# Best Phone Case?



## paintba11er89 (Jan 10, 2012)

I've got the Samsung Galaxy S3 from Verizon, and I want to get a case for it, so it stays nice. I love the form factor and the weight, so I'd like to get a case that doesn't change those very much. I prefer soft cases over hard cases, but beyond that, I'm not even sure what kind of case or cover I should be looking for: silicon,TPC, a certain brand.. Does anyone have a case they love, or any other helpful suggestions?


----------



## Nick.Tbolt (Aug 14, 2011)

paintba11er89 said:


> I've got the Samsung Galaxy S3 from Verizon, and I want to get a case for it, so it stays nice. I love the form factor and the weight, so I'd like to get a case that doesn't change those very much. I prefer soft cases over hard cases, but beyond that, I'm not even sure what kind of case or cover I should be looking for: silicon,TPC, a certain brand.. Does anyone have a case they love, or any other helpful suggestions?
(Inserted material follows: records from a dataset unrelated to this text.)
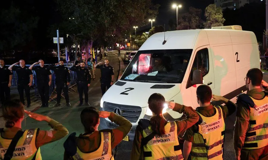 Τα λείψανα των ομήρων, που παραδόθηκαν στον ισραηλινό στρατό και τη Σιν Μπετ, την υπηρεσία εσωτερικής ασφαλείας, «θα μεταφερθούν στο Ισραήλ, όπου θα τα υποδεχθούν σε μια στρατιωτική τελετή…» προτού τα πάνε σε ένα εργαστήριο της ιατροδικαστικής υπηρεσίας για να ταυτοποιηθούν.
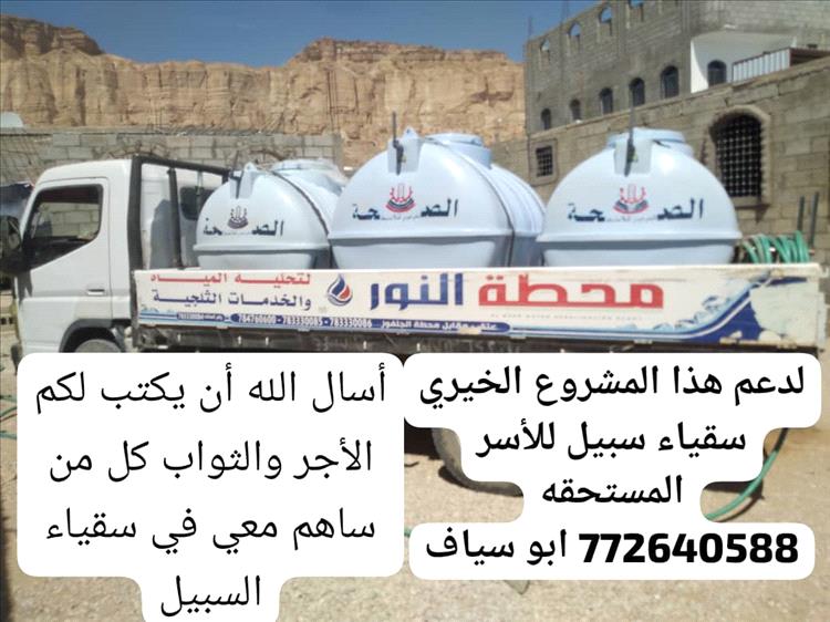 وفي جانبٍ آخر من جوانب العطاء، يبرز "أبو سياف" كمهندسٍ لمشاريع "سقيا الماء"؛ حيث يسعى جاهداً لتوفير مياه التحلية (سقيا سبيل) للأسر المستحقة والمتعففة في حي العبور والأحياء المجاورة بمدينة عتق. هذا المشروع الذي يلامس حاجة يومية ملحة، يرافقه جهدٌ إغاثي مستمر يتمثل في توفير السلال الغذائية والمساعدات العينية للأسر التي تعصف بها الظروف المعيشية الصعبة، باحثاً عن المحتاجين في زوايا الأحياء ليقدم لهم العون بكل مودة وستر.
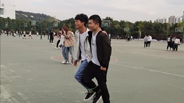 在活动正式开始之前,先通过“认人游戏”来了解同组成员,在这个热身游戏中,拉近了彼此的距离,极大地调动了成员活动的热情。经过一轮热身后,比赛正式开始。第一个项目是“五毛一块”,游戏一共6轮,每队派出4人,大一的学生干部为五毛,大二大三的学生干部为一块,主持人向同学们说明规则后,游戏正式开始,同学们围成一个圆圈,在发号施令后"抱团"开始,为了防止被淘汰,他们在游戏开始前就串通好,结了盟,在游戏过程中,随着淘汰人数逐渐增加,更是肆无忌惮的和其他组抢人,可既是游戏终有输赢。在游戏决出胜负后,紧接着是“两人三足”和“你划我猜”两个考验团结协作和默契配合的游戏,前者是将两人其中一只脚绑在一齐,一声令下,两颗心,三条腿,一起冲向终点;后者则通过简单的肢体动作,让队友猜到心里的词语。
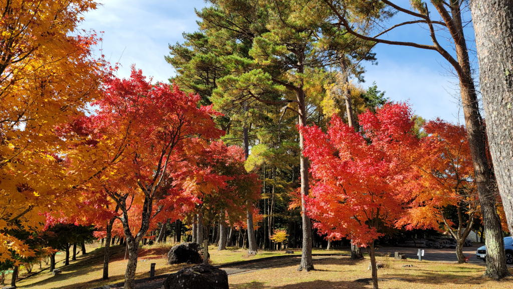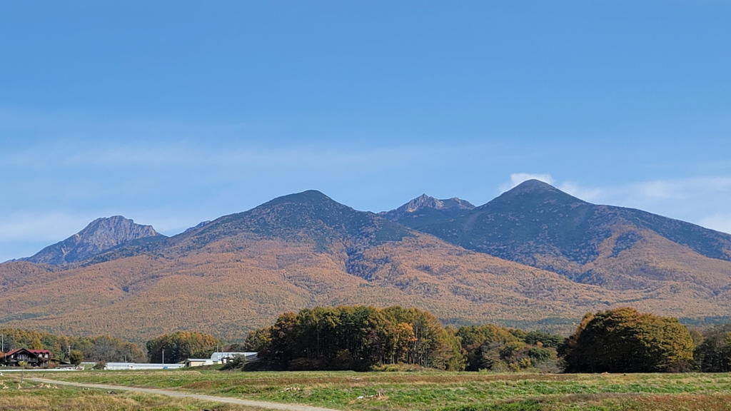 八ヶ岳オフィス敷地内の広葉樹の紅葉は既に「8~9合目」で、残す見せ場は「唐松の落葉(黄金のシャワー)」だ。だが、鉢巻道路周辺の紅葉は、まだまだ「盛り」の場所がいくつもある。
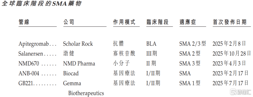 竞争格局方面,目前,全球有四种已获批的SMA药物,以及五种在研的SMA候选药物。其中,中国有两种已获批的SMA药物,包括百健的反义寡核苷酸(ASO)疗法,与罗氏的小分子疗法。
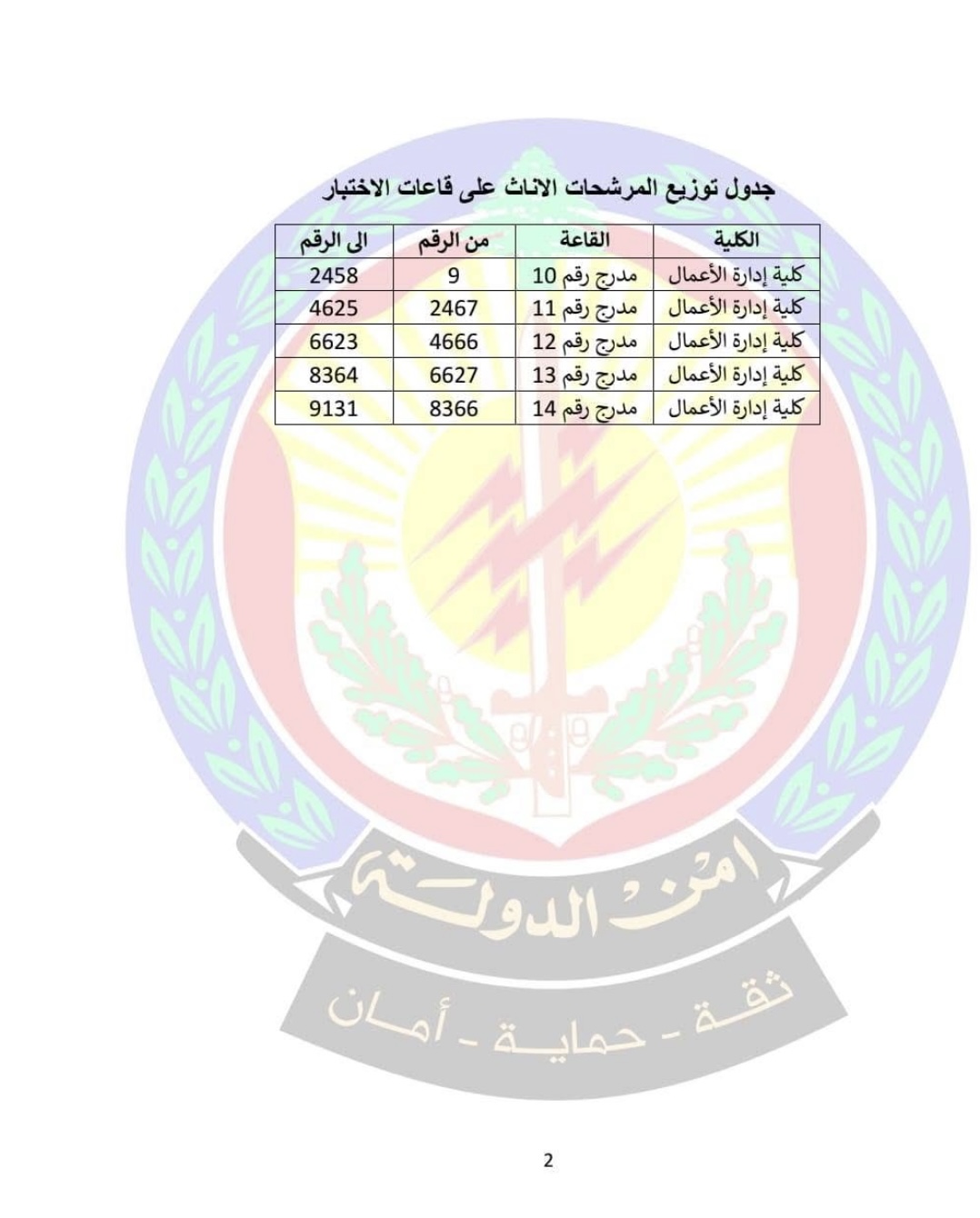 كما طلبت المديرية من المرشحين الاطلاع على جداول توزيعهم على الكليات والقاعات قبل موعد الاختبار، وإحضار إيصال الترشيح المزود بالرسم الشمسي مرفقاً بصورة عن بيان القيد الإفرادي، إلى جانب قلم حبر أزرق فقط.

I bought the Incipio case when I got my GS3, it's the only one I have, but I like it over the silicon cases because it has a rubber inner case, and a hard shell. It doesn't add that much weight, or bulk.

*Verizon Galaxy S3*


----------



## jbzcar (Feb 3, 2012)

I have this one: http://www.bestbuy.com/site/Belkin+-+Grip+Sheer+Skin+for+Samsung+Galaxy+S+III+Mobile+Phones/5768143.p?id=1218692161889&skuId=5768143&st=galaxy%20siii&cp=1&lp=1

It is almost clear, and very small, so it doesn't affect the form factor and still offers protection from slight falls and scratches. It isn't an Otter Box, but it does a good job. I have a full-body Invisible Shield under it and it fits great. I really like the way it looks on my white GSIII.


----------



## Darkestred (Jul 25, 2012)

I have Kays and that keeps the form factor down. Nice case, but i figured i'd go with acase for more protection. Since the Acase has two pieces to it; you can use the silicon portion as body glove. Well, i actually have no idea what its made out of, but its rubbery.


----------



## Jaxidian (Jun 6, 2011)

Nick.Tbolt said:


> I bought the Incipio case when I got my GS3, it's the only one I have, but I like it over the silicon cases because it has a rubber inner case, and a hard shell. It doesn't add that much weight, or bulk.


I too like this Incipio case.


----------